▶ **What is being asked**
Using the data beneath this instruction, retype only the lines from the one that contains "Όμως, σύμφωνα με" down to the one that contains "A Focus szeptemberi", both included, exactly as they appear.

▶ **Excerpted records**
++++

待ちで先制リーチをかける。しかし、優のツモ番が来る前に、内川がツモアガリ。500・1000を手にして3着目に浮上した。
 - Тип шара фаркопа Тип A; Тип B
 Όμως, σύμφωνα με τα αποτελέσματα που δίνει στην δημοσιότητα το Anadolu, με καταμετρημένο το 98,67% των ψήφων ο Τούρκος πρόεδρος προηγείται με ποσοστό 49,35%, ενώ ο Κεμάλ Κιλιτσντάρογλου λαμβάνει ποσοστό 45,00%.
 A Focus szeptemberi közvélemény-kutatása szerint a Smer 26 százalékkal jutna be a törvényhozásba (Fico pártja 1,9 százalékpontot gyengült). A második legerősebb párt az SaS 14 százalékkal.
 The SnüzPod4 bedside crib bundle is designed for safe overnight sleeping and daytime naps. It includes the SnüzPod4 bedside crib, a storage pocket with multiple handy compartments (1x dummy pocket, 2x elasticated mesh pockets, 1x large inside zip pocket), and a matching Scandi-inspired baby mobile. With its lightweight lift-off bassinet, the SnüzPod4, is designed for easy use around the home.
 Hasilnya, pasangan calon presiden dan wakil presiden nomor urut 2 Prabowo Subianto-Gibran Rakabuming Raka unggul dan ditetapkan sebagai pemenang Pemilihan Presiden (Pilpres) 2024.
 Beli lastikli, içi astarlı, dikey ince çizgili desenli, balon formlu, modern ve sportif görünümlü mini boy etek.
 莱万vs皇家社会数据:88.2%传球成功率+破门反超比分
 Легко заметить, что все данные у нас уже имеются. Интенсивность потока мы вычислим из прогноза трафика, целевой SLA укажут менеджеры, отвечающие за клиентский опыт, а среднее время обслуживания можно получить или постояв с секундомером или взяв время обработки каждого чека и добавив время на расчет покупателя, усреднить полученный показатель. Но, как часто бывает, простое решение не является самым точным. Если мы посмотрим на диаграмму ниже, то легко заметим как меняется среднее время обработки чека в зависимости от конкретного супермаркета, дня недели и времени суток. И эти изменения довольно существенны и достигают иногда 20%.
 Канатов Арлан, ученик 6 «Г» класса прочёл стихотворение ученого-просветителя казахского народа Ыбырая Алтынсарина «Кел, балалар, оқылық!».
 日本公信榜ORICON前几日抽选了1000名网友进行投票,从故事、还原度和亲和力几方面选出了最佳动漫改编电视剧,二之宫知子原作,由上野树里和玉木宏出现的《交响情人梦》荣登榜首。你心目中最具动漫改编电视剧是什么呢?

++++

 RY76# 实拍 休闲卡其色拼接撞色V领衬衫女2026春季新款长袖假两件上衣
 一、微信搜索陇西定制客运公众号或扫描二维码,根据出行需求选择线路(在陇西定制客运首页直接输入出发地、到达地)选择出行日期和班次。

++++

▶ **Response for this exercise**
 Όμως, σύμφωνα με τα αποτελέσματα που δίνει στην δημοσιότητα το Anadolu, με καταμετρημένο το 98,67% των ψήφων ο Τούρκος πρόεδρος προηγείται με ποσοστό 49,35%, ενώ ο Κεμάλ Κιλιτσντάρογλου λαμβάνει ποσοστό 45,00%.
 A Focus szeptemberi közvélemény-kutatása szerint a Smer 26 százalékkal jutna be a törvényhozásba (Fico pártja 1,9 százalékpontot gyengült). A második legerősebb párt az SaS 14 százalékkal.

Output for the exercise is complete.